準備の時に用意してきた油は、こういう時の為の物だったんだよね。
「その女性達の遺体も焼くのかい?」
レイスがビックリしながら聞いてきた。
俺は空になった瓶に蓋をしながら、頷いて返事した。
「だったら、ご遺族に渡した方がいいのでは?」
「どうやってさ?」
「どうやってって、それは……」
「表の見張りの兵士さんに言うのはなしだ。この人達の腹には、いつ出てきてもおかしくないゴブリンがいる。じゃあ俺達子供が運べるかって言われたら運べない」
「なら、ハルがここを見張っている間に、俺が兵士さんを呼んでくるよ! ゴブリンを一人で倒せるハルなら、産まれても安心だし」
さすが優等生、レイスはこの女性達を家族の元に返したいらしい。
だがそれも却下だ。
「そんな時間はねぇよ。
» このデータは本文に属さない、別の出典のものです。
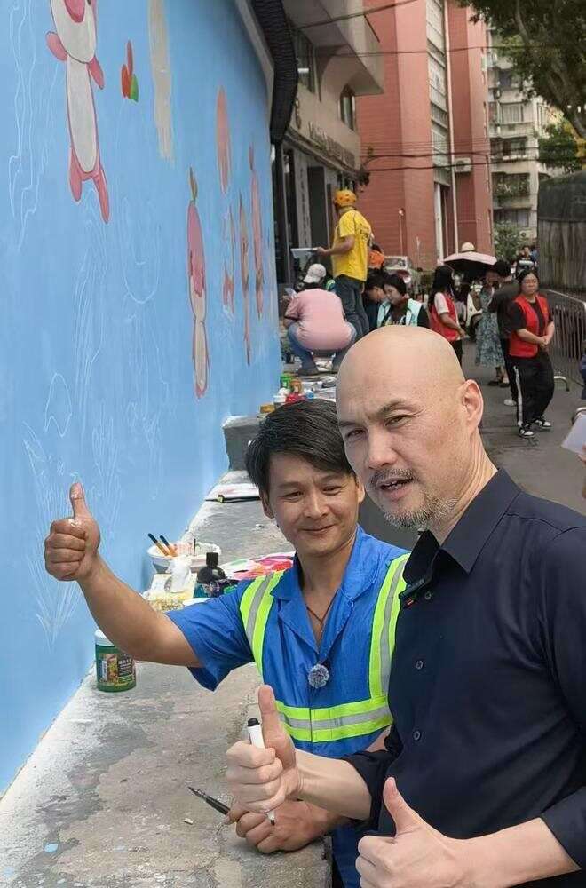 更令人惊喜的是,广州杂技团还特别邀请了“大湾鸡”形象主创、广州美术学院视觉艺术设计学院院长刘平云到场,与骆师傅一同创作。刘平云现场指导并参与墙画绘制,为这面凝聚群众力量的墙画增添了“大师作”的色彩。
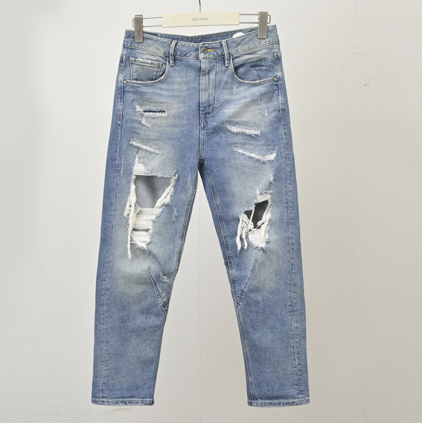 男女同款夏季破洞牛仔裤ABLEJEANS正品锥形裤小码男裤小脚裤浅色
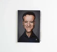 A humorous caricature illustration of the well-known American actor, movie star and comedian; Robin Williams. One of a series of caricatures achieved for the Celebrity Sunday series, where a famous person is rendered within a day. The idea is to show them as if in a passport photo to have consistency.
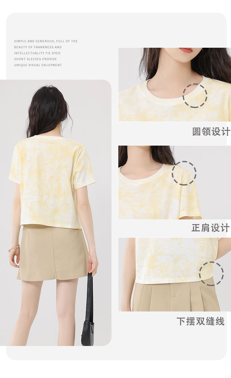 商品名称:【女装100%棉】夏季扎染短袖纯棉女式T恤短款高腰显瘦设计感 114451

多分ダンジョンも森と同じで、魔物がわんさか寄ってくるだろうよ。この死臭と血の臭いに誘われてな。流石の俺でも死ぬって」
「うっ……」
「そして死体を焼けば、魔物は食おうとも思わないし、子供の苗床にもしようとしねぇ。だから焼くしかない」
きっと俺は冷徹だと思われるだろうけど、森ではそんな道徳心や正義感を持っていたら生き残れない。
実際死臭に誘われてウェアウルフが沸いてくるし、いくら父さんと俺が強くても、数の暴力には勝てる訳がない。
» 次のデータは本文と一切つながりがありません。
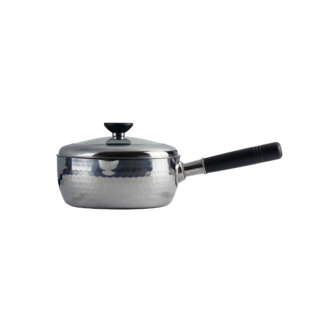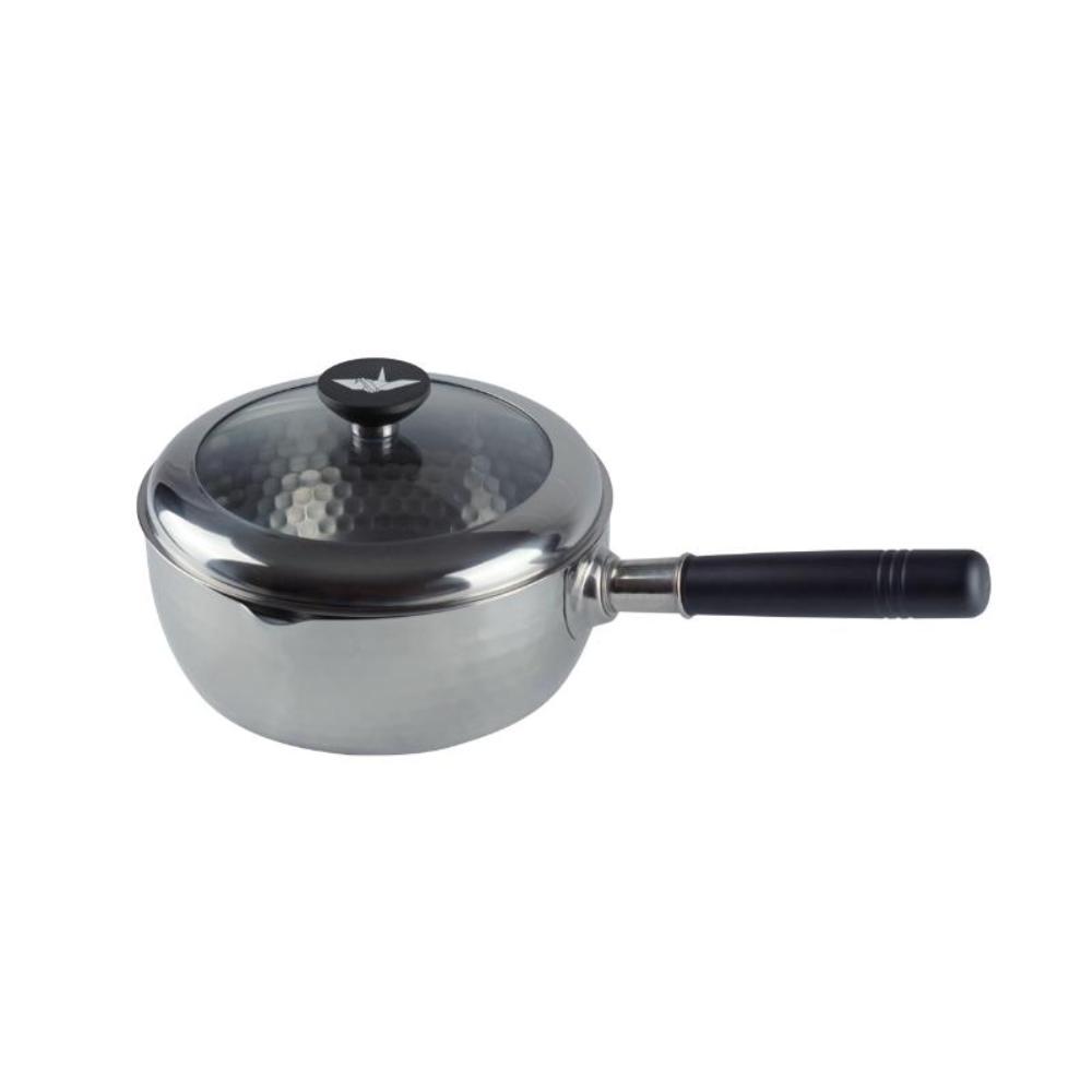 底面はフラットでストレスフリー、IH などの高火力熱源に対応させるため底に凹凸を設けた鍋がありますが、料理をすくう時にお玉が凹凸にぶつかり掬いきれないことも。底面がフラットなのでストレスなく食材を掬い取れます。

レイスはまだ何か言いたげだったが、俺が睨みを利かせて何も言わせなかった。
でもな、本当は俺だって遺族の元に返してやりたいよ。
だけどそのせいで俺達が危険になるのであれば、遠慮なく俺達の命を選ぶ。
俺はまだ死にたくないし、こいつらも死なせたくないしな。
「俺はしっかり焼けたかを見守る。皆は見ない方がいいぞ?」
俺は皆に忠告をした。
でも、無言で俺の背後に立っていた。
見届けるらしい。
……結構辛いと思うんだがな。
森で魔物の死体を焼いた事はあるが、意外と焼けた肉の臭いは酷いし、視覚的にも酷くて何度か吐いたっけ……。
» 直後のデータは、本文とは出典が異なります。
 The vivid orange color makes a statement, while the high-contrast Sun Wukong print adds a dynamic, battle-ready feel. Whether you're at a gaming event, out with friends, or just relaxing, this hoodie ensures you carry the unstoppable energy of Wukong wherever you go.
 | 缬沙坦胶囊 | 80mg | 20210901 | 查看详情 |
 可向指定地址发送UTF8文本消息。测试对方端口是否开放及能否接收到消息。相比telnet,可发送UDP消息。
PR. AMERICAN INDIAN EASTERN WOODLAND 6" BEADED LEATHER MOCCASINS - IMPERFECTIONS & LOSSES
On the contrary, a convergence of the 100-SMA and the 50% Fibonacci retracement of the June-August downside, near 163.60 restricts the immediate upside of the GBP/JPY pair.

俺は地面に垂れている油に向かって、剣を振り下ろした。
地面と剣がぶつかり合い、火花が出る。
するとその火花で油に引火し、急速に死体達を炎が包む。
腹の中にいるゴブリン達は、熱そうにもがいている。
女性の遺体の腹が、悲鳴を上げながらもぞもぞと動いているのがわかる。
ほら、言わんこっちゃない。
俺以外の四人は全員、泣きながら盛大に吐いた。
結構俺だってキツいのに、初めて見るこいつらにはもっと辛いはず。
――ごめんなさい、お姉さん達。助けてあげられなくて。埋葬できなくて。
被害者である五人の女性の遺体に心で合掌し、しっかり死体達が燃えているのを確認した俺は、皆を起こしてダンジョンを出た。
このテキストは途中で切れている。